**Work order**
In duplicating the lines below, keep every word unchanged and drop the pictures.

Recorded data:

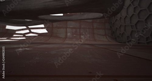 Abstract room interior of sheets rusted metal . Architectural background. 3D illustration and rendering
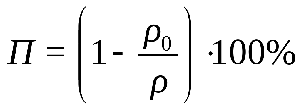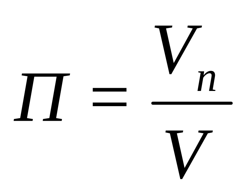 Пористость (П) — это отношение объема пор к общему объему материала:
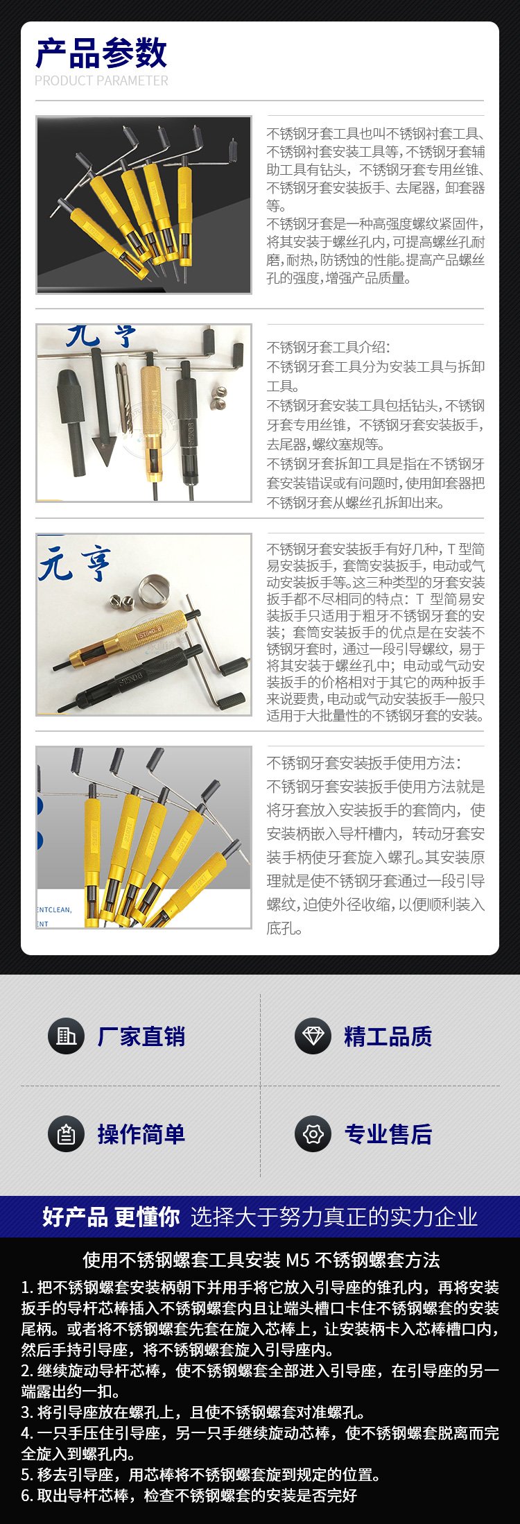 簡易螺紋護(hù)套安裝工具有螺紋頭、光桿兩種。用于少量安裝,一般維修、實(shí)驗(yàn)時(shí)用,操作時(shí)不易安裝,鋼絲螺套容易報(bào)廢。
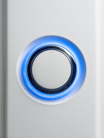 A minimalist white gadget featuring a radiant blue-lit circular button, emphasizing streamlined design and intuitive interface for cutting-edge electronic devices.
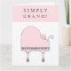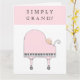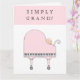 Tarjeta de bebé creativa para madre, padre o padres nuevos con un diseño adorable con temas musicales recién nacidos y piano de cola rosa.
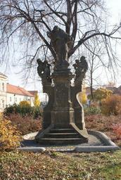 Keywords: Vinoř square 05.JPG en A statue on the Vinoř square in Prague Vinoř cs Sousoší na Vinořském náměstí ve Vinoři 41258/1-1988 own Feťour 2010-10-30 Statue of John of Nepomuk in Vinoř
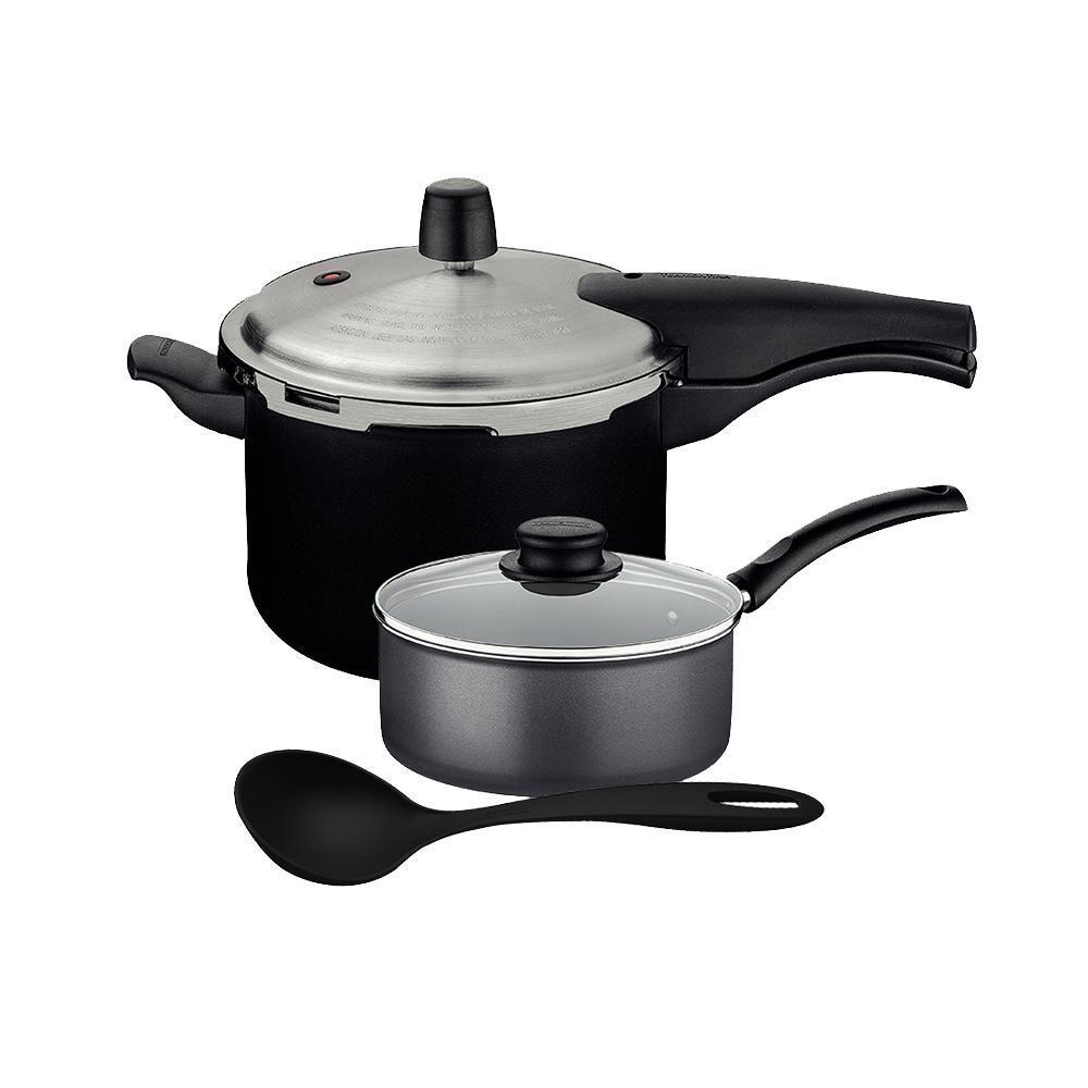 Panela De Pressão Effect 4,5l E Panela Turim Alumínio Antiaderente 1,4l Ptc + Concha - TramontinaMUITO IMPORTANTE:CONFERIR PRODUTOS NO ATO DO RECEBIMENTO. NÃO ACEITAR PRODUTOS COM EMBALAGEM VIOLADA (AMASSADO, RASGADO, ABERTO, QUEBRADO, ETC), A RECUSA DEVE SER FEITA NO ATO Componentes do Kit:1 - Panela Turim Alumínio Antiaderente Chumbo 16cm 1,4L PTC3 - Tramontina 1 - Panela de Pressão Effect Alumínio Revestimento Antiaderente 20 cm 4,5 l Preto1 - Concha 29cm Ability em Nylon Preto - Tramontina Panela de Pressão Effect 4,5L e Panela Turim Alumínio Antiaderente 1,4L PTC + Concha - Tramontina Aprimore sua performance na cozinha com o Kit de Panelas Tramontina, a dupla perfeita para quem busca agilidade no preparo e pratos com sabor profissional. Esse conjunto é ideal para cozinheiros domésticos, transformando a rotina de preparar refeições em uma tarefa prazerosa e simples. A Panela de Pressão Effect cozinha os alimentos de forma rápida e segura, enquanto a Panela Turim Antiaderente garante que nada grude, facilitando o manuseio dos ingredientes. A capacidade de 4,5L da panela de pressão é ideal para famílias, garantindo resultados deliciosos e em menos tempo. A Panela de Pressão Effect possui um sistema de segurança de cinco válvulas, que garante o cozimento sem riscos. Já a Panela Turim, com seu revestimento antiaderente Starflon T1, proporciona uma superfície de cozimento fácil de limpar e livre de resíduos. Ambas são construídas com alumínio de alta qualidade, oferecendo resistência e durabilidade para anos de uso. Com o fundo de 1,4mm de espessura, o calor é distribuído de forma uniforme, otimizando o tempo de cozimento e economizando energia. Não perca a oportunidade de ter mais eficiência e tranquilidade na sua cozinha. Adquira agora o Kit Tramontina e tenha o poder de criar pratos incríveis com muito mais facilidade! Especificações Panela:- Capacidade: 1,4L;- Alumínio com 1,2mm de espessura;- Revestimento anti-aderente;- Altura com tampa e cabo: 13,9cm;- Altura somente com tampa: 14,4cm;- Altura interna: 6,7cm;- Diâmetro: 16cm;- Comprimento total: 31,9cm;- Garantia de 90 dias para vícios ou defeitos de fabricação;- Não utilizar em temperaturas superiores à 260°C. Especificações Panela de Pressão:- Corpo de alumínio com espessura de 3,2 mm que proporciona cozimento rápido e uniforme.- Com revestimento interno e externo de antiaderente Starflon Max que não gruda, é fácil de limpar, mais durável e não é prejudicial à saúde.- Alça, cabos superior e inferior de baquelite antitérmico que oferecem segurança durante o manuseio.- Pode ser utilizada nos fogões: gás, elétrico e vitrocerâmico - resistência elétrica. Especificações Concha:- Concha de Nylon que permite uso em temperaturas de até 180 °C.- Cabo com furo passante possibilitando que sejam pendurado na sua cozinha.- Utensílio ideal para uso em panelas com revestimentos antiaderentes e cerâmicos, pois não danifica o produto.- Pode ir à máquina de lavar louças facilitando seu dia a dia Cor: Preto | É kit de fábrica: Não | Quantidade de Peças: 3 | Materiais: Alumínio | Adequado para fogão de indução: Não | Com revestimento antiaderente: Sim
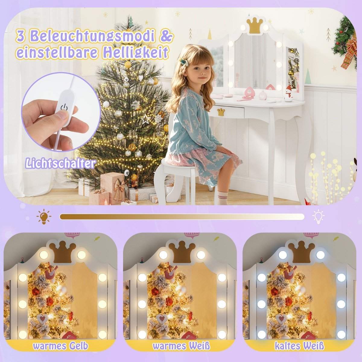 Sminkebord for barn med belysning, sminkebord for jenter med trefoldbart speil, hvit
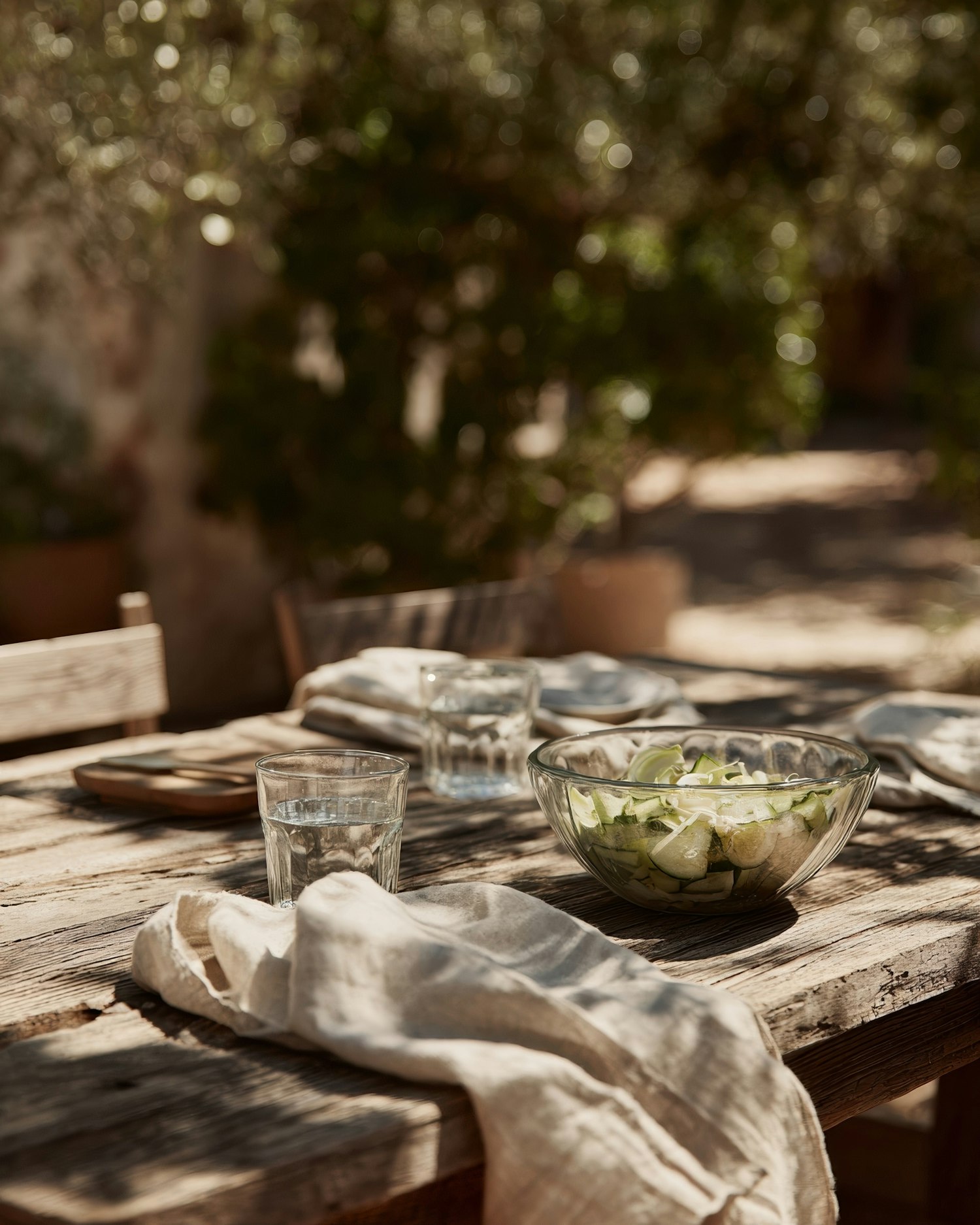 Rustic outdoor table with a fresh salad, water glasses, and cloth napkins, set against a sunny, green garden backdrop.
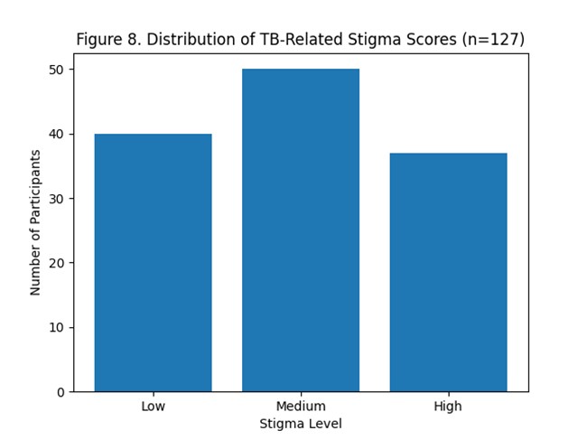 Psychological and social responses were profound: 66.9% (n = 89) felt scared upon diagnosis, while an overwhelming 96.9% (n = 123) perceived TB-related discrimination in their communities. Similarly, 96.1% (n = 122) believed that TB medication should be free.

**Solution to the exercise**
 Abstract room interior of sheets rusted metal . Architectural background. 3D illustration and rendering
 Пористость (П) — это отношение объема пор к общему объему материала:
 簡易螺紋護(hù)套安裝工具有螺紋頭、光桿兩種。用于少量安裝,一般維修、實(shí)驗(yàn)時(shí)用,操作時(shí)不易安裝,鋼絲螺套容易報(bào)廢。
 A minimalist white gadget featuring a radiant blue-lit circular button, emphasizing streamlined design and intuitive interface for cutting-edge electronic devices.
 Tarjeta de bebé creativa para madre, padre o padres nuevos con un diseño adorable con temas musicales recién nacidos y piano de cola rosa.
 Keywords: Vinoř square 05.JPG en A statue on the Vinoř square in Prague Vinoř cs Sousoší na Vinořském náměstí ve Vinoři 41258/1-1988 own Feťour 2010-10-30 Statue of John of Nepomuk in Vinoř
 Panela De Pressão Effect 4,5l E Panela Turim Alumínio Antiaderente 1,4l Ptc + Concha - TramontinaMUITO IMPORTANTE:CONFERIR PRODUTOS NO ATO DO RECEBIMENTO. NÃO ACEITAR PRODUTOS COM EMBALAGEM VIOLADA (AMASSADO, RASGADO, ABERTO, QUEBRADO, ETC), A RECUSA DEVE SER FEITA NO ATO Componentes do Kit:1 - Panela Turim Alumínio Antiaderente Chumbo 16cm 1,4L PTC3 - Tramontina 1 - Panela de Pressão Effect Alumínio Revestimento Antiaderente 20 cm 4,5 l Preto1 - Concha 29cm Ability em Nylon Preto - Tramontina Panela de Pressão Effect 4,5L e Panela Turim Alumínio Antiaderente 1,4L PTC + Concha - Tramontina Aprimore sua performance na cozinha com o Kit de Panelas Tramontina, a dupla perfeita para quem busca agilidade no preparo e pratos com sabor profissional. Esse conjunto é ideal para cozinheiros domésticos, transformando a rotina de preparar refeições em uma tarefa prazerosa e simples. A Panela de Pressão Effect cozinha os alimentos de forma rápida e segura, enquanto a Panela Turim Antiaderente garante que nada grude, facilitando o manuseio dos ingredientes. A capacidade de 4,5L da panela de pressão é ideal para famílias, garantindo resultados deliciosos e em menos tempo. A Panela de Pressão Effect possui um sistema de segurança de cinco válvulas, que garante o cozimento sem riscos. Já a Panela Turim, com seu revestimento antiaderente Starflon T1, proporciona uma superfície de cozimento fácil de limpar e livre de resíduos. Ambas são construídas com alumínio de alta qualidade, oferecendo resistência e durabilidade para anos de uso. Com o fundo de 1,4mm de espessura, o calor é distribuído de forma uniforme, otimizando o tempo de cozimento e economizando energia. Não perca a oportunidade de ter mais eficiência e tranquilidade na sua cozinha. Adquira agora o Kit Tramontina e tenha o poder de criar pratos incríveis com muito mais facilidade! Especificações Panela:- Capacidade: 1,4L;- Alumínio com 1,2mm de espessura;- Revestimento anti-aderente;- Altura com tampa e cabo: 13,9cm;- Altura somente com tampa: 14,4cm;- Altura interna: 6,7cm;- Diâmetro: 16cm;- Comprimento total: 31,9cm;- Garantia de 90 dias para vícios ou defeitos de fabricação;- Não utilizar em temperaturas superiores à 260°C. Especificações Panela de Pressão:- Corpo de alumínio com espessura de 3,2 mm que proporciona cozimento rápido e uniforme.- Com revestimento interno e externo de antiaderente Starflon Max que não gruda, é fácil de limpar, mais durável e não é prejudicial à saúde.- Alça, cabos superior e inferior de baquelite antitérmico que oferecem segurança durante o manuseio.- Pode ser utilizada nos fogões: gás, elétrico e vitrocerâmico - resistência elétrica. Especificações Concha:- Concha de Nylon que permite uso em temperaturas de até 180 °C.- Cabo com furo passante possibilitando que sejam pendurado na sua cozinha.- Utensílio ideal para uso em panelas com revestimentos antiaderentes e cerâmicos, pois não danifica o produto.- Pode ir à máquina de lavar louças facilitando seu dia a dia Cor: Preto | É kit de fábrica: Não | Quantidade de Peças: 3 | Materiais: Alumínio | Adequado para fogão de indução: Não | Com revestimento antiaderente: Sim
 Sminkebord for barn med belysning, sminkebord for jenter med trefoldbart speil, hvit
 Rustic outdoor table with a fresh salad, water glasses, and cloth napkins, set against a sunny, green garden backdrop.
 Psychological and social responses were profound: 66.9% (n = 89) felt scared upon diagnosis, while an overwhelming 96.9% (n = 123) perceived TB-related discrimination in their communities. Similarly, 96.1% (n = 122) believed that TB medication should be free.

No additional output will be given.